Mientras no se lo manden a los mismos que le mandaron hacer Aliens Colonial Marines…
Yo no jugué a Duke Nukem 3D cuando salió. Mi primera aproximación ha sido Duke Nukem Forever. Qué quereis que os diga, el juego es divertido. Engancha. Se termina rápido. No se complica la vida. No busca segundas lecturas a la acción ni puzzles complejos, ni IA avanzada. La cosa va de pegar, oir a Duke decir que es el mejor y sentirse -efectivamente- el mejor.
El juego tiene errores. El apartado gráfico cumple, pero la gente esperaba más. Esperaba que fuese rompedor, pero llega justito a «decente». El ritmo del juego tiene altibajos. Como ese inicio prometedor, en el que recorremos los pasillos de un estadio deportivo, para acabar luchando contra el épico enemigo final del primer juego… enfrentamiento que resulta ser poco atractivo, y muy mecánico.

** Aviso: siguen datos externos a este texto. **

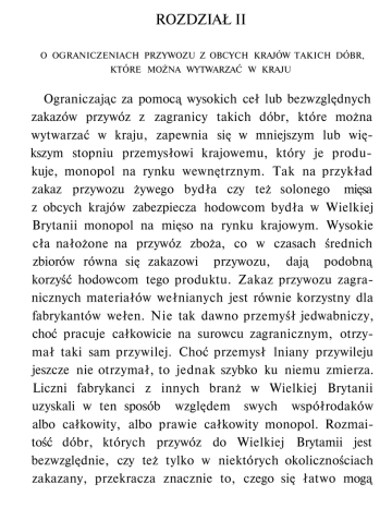 ROZDZIAŁ II O OGRANICZENIACH PRZYWOZU Z OBCYCH KRAJÓW TAKICH DÓBR, KTÓRE MOŻNA WYTWARZAĆ W KRAJU Ograniczając za pomocą wysokich ceł lub bezwzględnych zakazów przywóz z zagranicy takich dóbr, które można wytwarzać w kraju, zapewnia się w mniejszym lub większym stopniu przemysłowi krajowemu, który je produkuje, monopol na rynku wewnętrznym. Tak na przykład zakaz przywozu żywego bydła czy też solonego mięsa z obcych krajów zabezpiecza hodowcom bydła w Wielkiej Brytanii monopol na mięso na rynku krajowym. Wysokie cła nałożone na przywóz zboża, co w czasach średnich zbiorów równa się zakazowi przywozu, dają podobną korzyść hodowcom tego produktu. Zakaz przywozu zagranicznych materiałów wełnianych jest równie korzystny dla fabrykantów wełen. Nie tak dawno przemyśł jedwabniczy, choć pracuje całkowicie na surowcu zagranicznym, otrzymał taki sam przywilej. Choć przemysł lniany przywileju jeszcze nie otrzymał, to jednak szybko ku niemu zmierza. Liczni fabrykanci z innych branż w Wielkiej Brytanii uzyskali w ten sposób względem swych współrodaków albo całkowity, albo prawie całkowity monopol. Rozmaitość dóbr, których przywóz do Wielkiej Brytamii jest bezwzględnie, czy też tylko w niektórych okolicznościach zakazany, przekracza znacznie to, czego się łatwo mogą 42 Systemy ekonomii politycznej IV, 2 domyślić ludzie nie obznajmieni dobrze z przepisami celnymi. Nie ulega wątpliwości, że monopol na rynku krajowym wspiera ogromnie tę gałąź przemysłu, która z niego korzysta i że często kieruje ku niej więcej pracy i zasobów społeczeństwa, niżby to miało miejsce, gdyby tego monopolu nie było. Ale czy prowadzi to do wzrostu ogólnej wytwórczości społeczeństwa, czy nadaje jej kierunek najbardziej pożądany — tego nie można chyba uznać za równie oczywiste. Ogólna działalność produkcyjna społeczeństwa nie może nigdy przekroczyć rozmiarów, jakie zakreśla wielkość kapitałów, które społeczeństwo może w niej ulokować. Podobnie jak liczba robotników, których zatrudnia poszczególny człowiek, musi pozostawać w pewnym stosunku do jego kapitałów, tak i liczba robotników, których mogą stale zatrudniać wszyscy członkowie jakiegoś wielkiego społeczeństwa, musi pozostawać w pewnym stosunku do całego kapitału, jaki to społeczeństwo posiada i nie może tego stosunku przekroczyć. Żadne przepisy handlowe nie mogą zwiększyć rozmiarów działalności produkcyjnej jakiegoś Społeczeństwa ponad to, co jego kapitał może uruchomić. Ustawodawstwo może co najwyżej skierować część wytwórczości tam, gdzie inaczej mogłaby nie trafić; ale bynajmniej nie jest pewne, czy ów sztucznie nadany kierunek będzie korzystniejszy dla społeczeństwa niż kierunek, który by wytwórczość obrała samorzutnie. Każdy człowiek czyni stale wysiłki, by znaleźć najbardziej korzystne zastosowanie dla kapitału, jakim może rozporządzać. Ma oczywiście na widoku własną korzyść, a nie korzyść społeczeństwa. Ale poszukiwanie własnej korzyści wiedzie go w sposób naturalny, a nawet nieuchronny IV, 2 Ograniczenie przywozu dóbr 43 do tego, by wybrał takie za stosowanie, jakie jest najkorzystniejsze dla społeczeństwa. Po pierwsze każdy człowiek usiłuje ulokować swój kapitał możliwie blisko, a więc wkłada tyle, ile tylko może w rozwój przemysłu krajowego, zawsze pod warunkiem, że może w ten sposób osiągnąć zwykłe, lub niewiele mniejsze niż zwykłe, zyski z kapitału. Tak więc przy jednakowych lub niemal jednakowych zyskach każdy kupiec-hurtownik woli z natury rzeczy handel wewnętrzny od konsumpcyjnego handlu zagranicznego, a znów konsumpcyjny handel zagraniczny przekłada nad przewozowy handel zagraniczny. W handlu wewnętrznym nie traci z oczu swego kapitału na okres tak długi, na jaki traci go często w konsumpcyjnym handlu zagranicznym. Może poznać lepiej charakter i położenie osób, którym ma zaufać, a gdyby zdarzyło się, że został oszukany, orientuje się lepiej w prawach krajowych, do których musi się uciec, by szukać zadośćuczynienia. W przewozowym handlu zagranicznym kapitał kupca jest jak gdyby rozdzielony między dwa obce kraje; nie znaczy to wcale, że jakaś część tego kapitału na pewno wróci kiedykolwiek do kraju ojczystego, ani też że koniecznie znajdzie się bezpośrednio pod jego okiem i w jego rozporządzeniu. Na ogół połowa kapitału kupca amsterdamskiego, który używa swego kapitału dla przewozu zboża z Królewca do Lizbony oraz wina i owoców z Lizbony do Królewca, musi się znajdować w Królewcu, a druga połowa w Lizbonie, Nie ma potrzeby, aby choć część tego kapitału powracała kiedykolwiek do Amsterdamu. Naturalną siedzibą takiego kupca powinien być Królewiec albo Lizbona i tylko zgoła wyjątkowe okoliczności mogą sprawić, że jako miejsce stałego pobytu wybierze Amsterdam. A jednak niepokój, jaki kupiec odczuwa, gdy jest tak da- 44 Systemy ekonomii politycznej lV,2 leko od swego kapitału, skłania go na ogół do tego, by sprowadzić z Królewca do Amsterdamu cześć towarów przeznaczonych dla rynku w Lizbonie, jak również część towarów z Lizbony przeznaczonych dla rynku w Królewcu: i choć naraża go to nieuchronnie na podwójne opłaty za wyładunek i załadowanie, a także na opłacanie pewnych podatków i ceł, to jednak chętnie ponosi owe dodatkowe koszta, aby choć część kapitału mieć pod okiem i we własnym rozporządzeniu. W ten oto sposób każdy kraj, który ma jakiś znaczny udział w handlu przewozowym, staje się zawsze miejscem składowym, czyli powszechnym rynkiem dla towarów wszystkich krajów, których sprawy handlowe załatwia. Aby uniknąć powtórnego załadowania i wylądowania kupiec stara się zawsze sprzedać na rynku krajowym jak najwięcej dóbr z tych wszystkich krajów i w ten sposób, w miarę możności, przekształcić swój handel przew

Pero Duke está ahí, presente siempre, en toda la trama. Hay ideas muy buenas, como la de convertir a Duke en un famoso televisivo gracias a los sucesos de la primera parte. Es una idea muy inspirada, ya que eso impregna todo de pinceladas de ironia, de trazo grueso. (Duke Nukem, ¿ídolo de adolescentes? ¿WTF?… ¡¡¡Excelente!!!). Hay secciones que suceden en su casa, un edificio convertido en culto a Duke, muy divertido de visitar… y destruir. Está la -sobresaliente- escena del bar de striptease. (Especial atención a las conversaciones en esa parte). O el momento en el que le haces un autógrafo a un niño, emocionado, en tu libro «Por qué soy tan grande, por Duke» y le recomiendas que tome pastillas para ser tan fuerte como tú. O la exploración en la colmena alienígena, con chicas capturadas que han sido «fusionadas con la nave», y a las que, en alarde de mala leche, Duke debe rematar antes de que de ellas salga una larva enemiga.
En definitiva, un juego que, sobre el papel, bebe de la serie B más ochentera, y que en ningún momento se toma en serio a sí misma. Creo que fue un juego muy machacado injustamente a su salida, ya que no era tan malo, aunque tampoco tan bueno. Y como diría Duke-Arnold… «I’ll be back!»
@tempano
Es justo el estudio que me ha venido a la mente. Bulletstorm tiene cierto regustillo a DN, ¿o es cosa mía?
The Chinese Room, LOL.
En realidad lo suyo sería que lo hicieran entre John Carmack y Suda 51. Y ahora si que no estoy de broma.
NO
Never forget:
Yo diría que los pobres desarrolladores son los últimos culpables, porque tiene pinta de que estaban haciendo un trabajo cojonudo hasta que empezaron a pasar cosas raras. Porque si no, no se explica.